Running a load test on our custom BYOC Edge deployment (v2.4.1) and hitting a wall with WebSocket handshake failures. The setup is straightforward: Genesys Cloud initiates the call, routes to our Edge via SIP trunk, and we bridge to WebRTC for the client-side experience.
The issue isn’t with low volume. At 50 concurrent calls, everything works fine. Latency is stable, audio is clear. But once we push the JMeter script to simulate 500 simultaneous connection attempts within a 10-second window, about 30% of the WebSocket upgrade requests fail with a 502 Bad Gateway error right at the edge proxy layer.
Here is the specific error trace from the Edge container logs:
[ERROR] ws-handler: Handshake failed for session abc-123-def. Upstream connection reset. HTTP 502 returned to client.
[WARN] load-balancer: Backend pool exhausted. No healthy instances available for routing.

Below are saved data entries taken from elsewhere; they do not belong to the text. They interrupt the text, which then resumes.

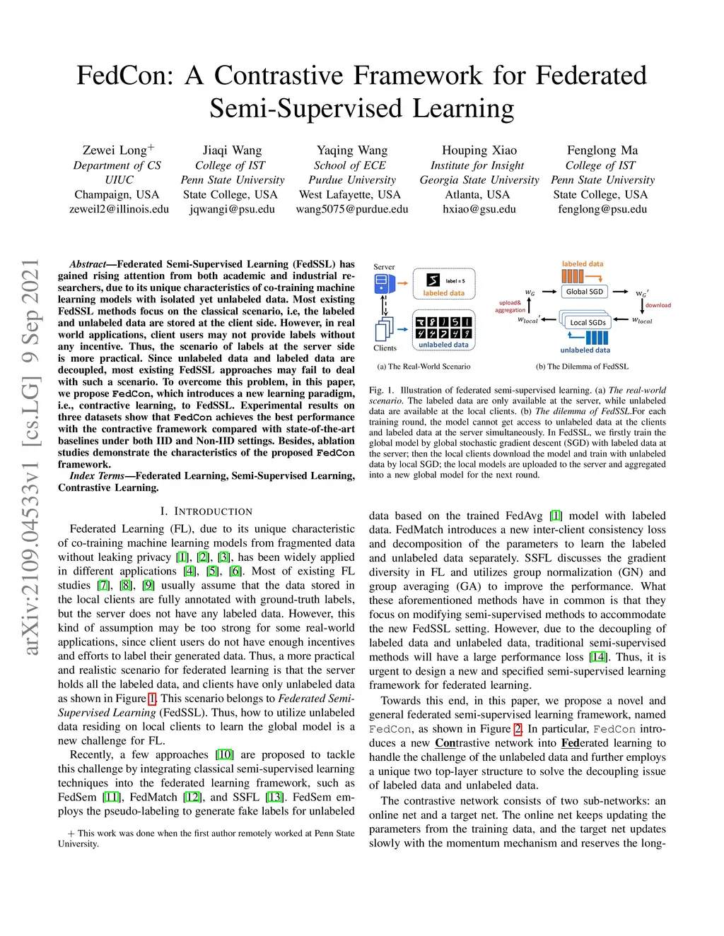 FedCon: A Contrastive Framework for Federated Semi-Supervised Learning
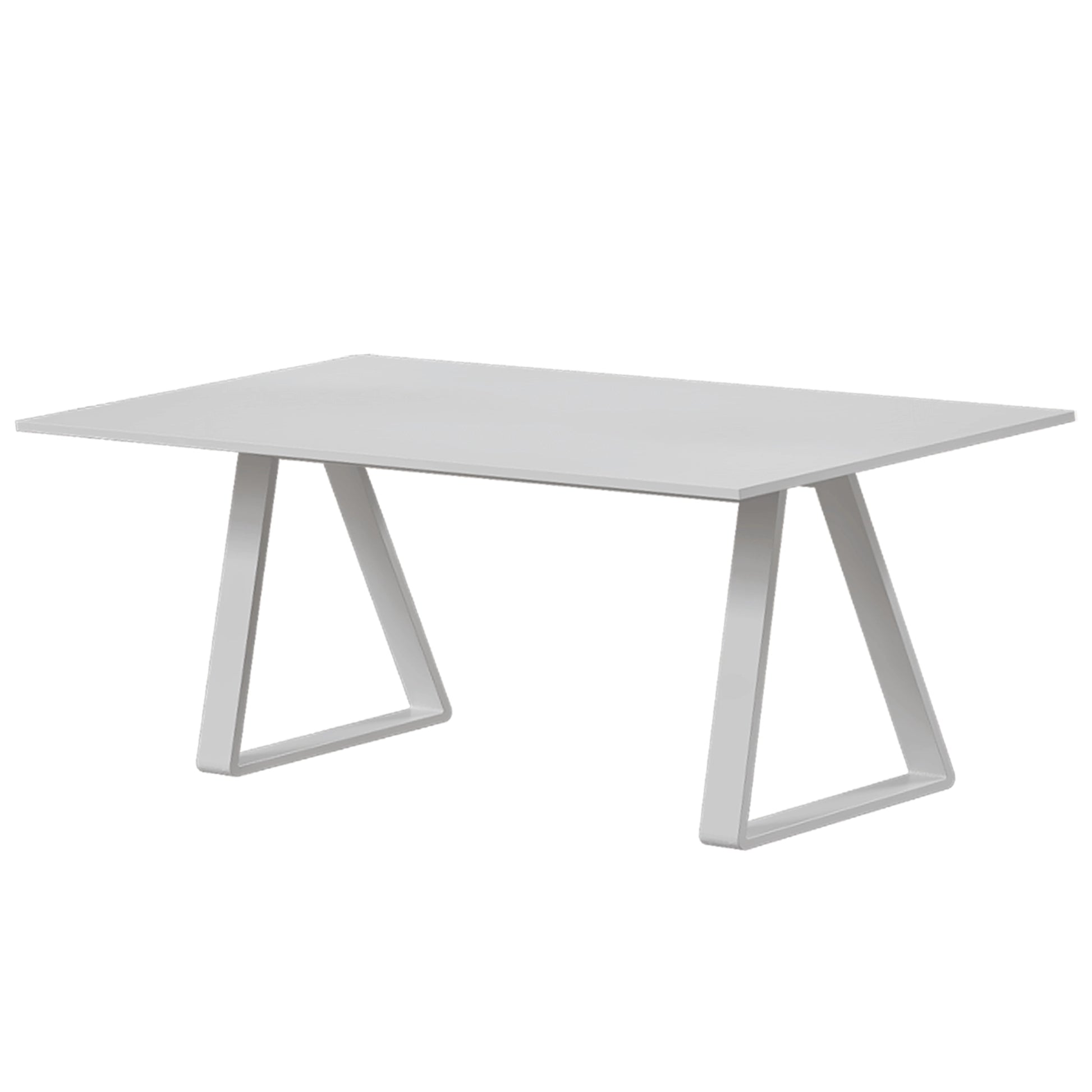 Ausführung: Tischplatte Laminat weiss, Untergestell Metall weiss lackiert.
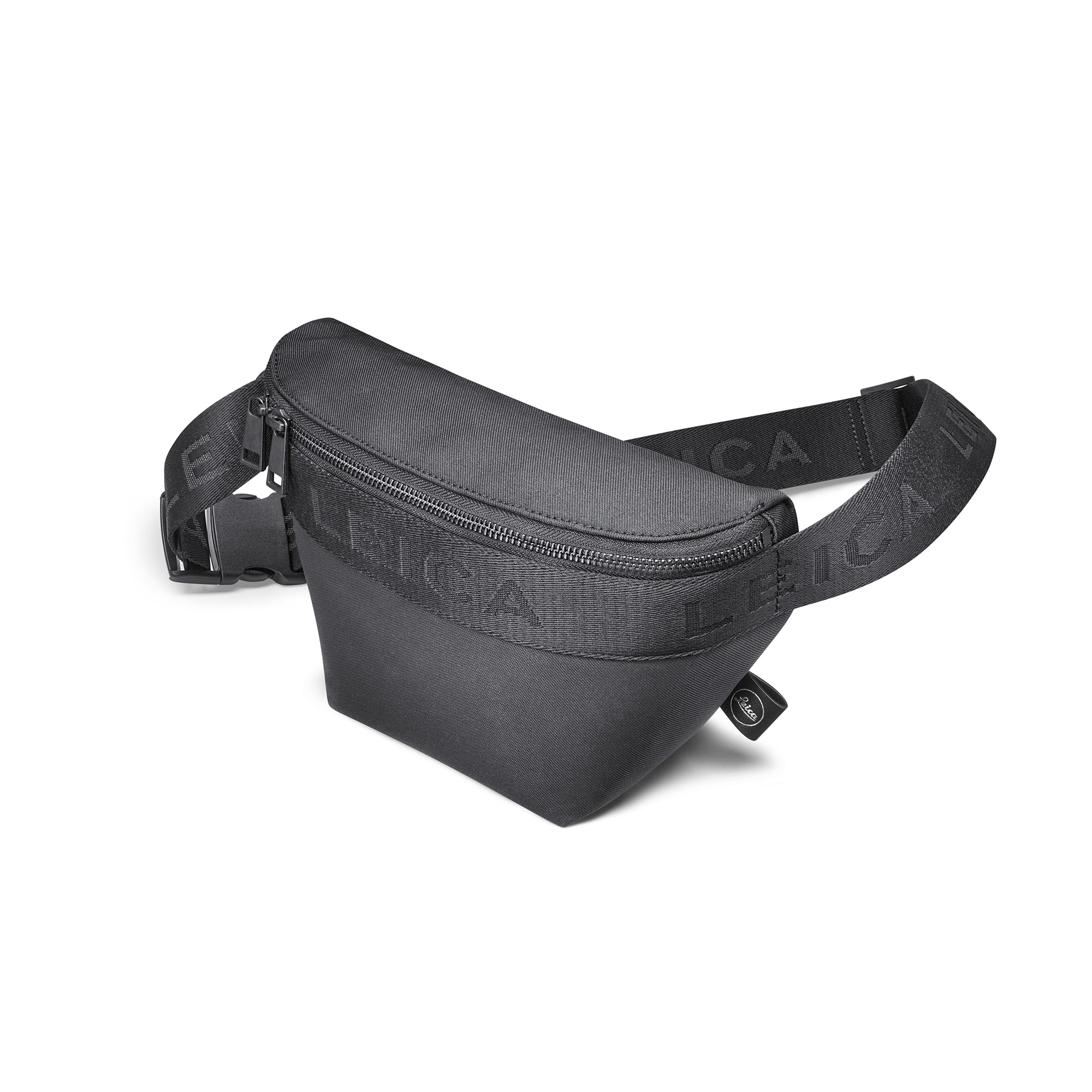 Tillverkad av återvunnen polyester, ger den svarta midjeväskan gott om plats för en Leica SOFORT 2, en D-Lux eller en kamera från Q-serien.
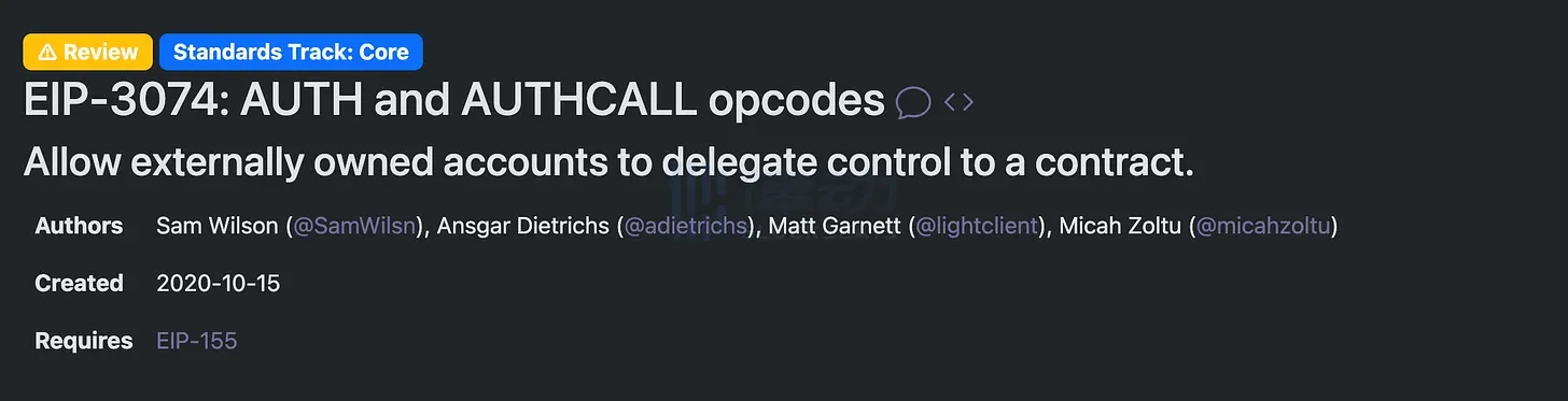 这一提案与 EIP-3074 非常搭配,后者提供了将 EAOs 签署权限委托给智能合约的「操作码」。
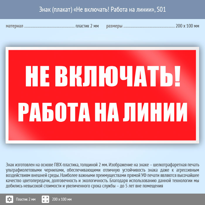 Знак (плакат) «Не включать! Работа на линии», S01 (пластик, 200х100 мм) в Рыбинске купить

The JMeter config uses a constant throughput timer to spike the requests. We are using the latest Genesys Cloud JavaScript SDK (2.15.0) for the client side. The Edge pods are running on Kubernetes with horizontal pod autoscaling enabled, scaling from 3 to 10 replicas. The CPU usage on the pods spikes to 95% during the test, but memory is well within limits.
Is there a specific WebSocket connection limit per Edge pod that I am missing? Or is this a timeout issue where the Genesys Cloud platform is dropping the connection before the Edge can scale up? We tried increasing the idle_timeout and read_timeout in the nginx ingress controller, but the 502s persist.
Also, noticed that the media.server health checks pass, but the signaling.server shows intermittent high latency during the spike. Could this be a signaling bottleneck rather than a media one? Any advice on tuning the Edge ingress controller for high-concurrency WebSocket upgrades would be appreciated. Currently stuck on this validation step for our capacity planning report.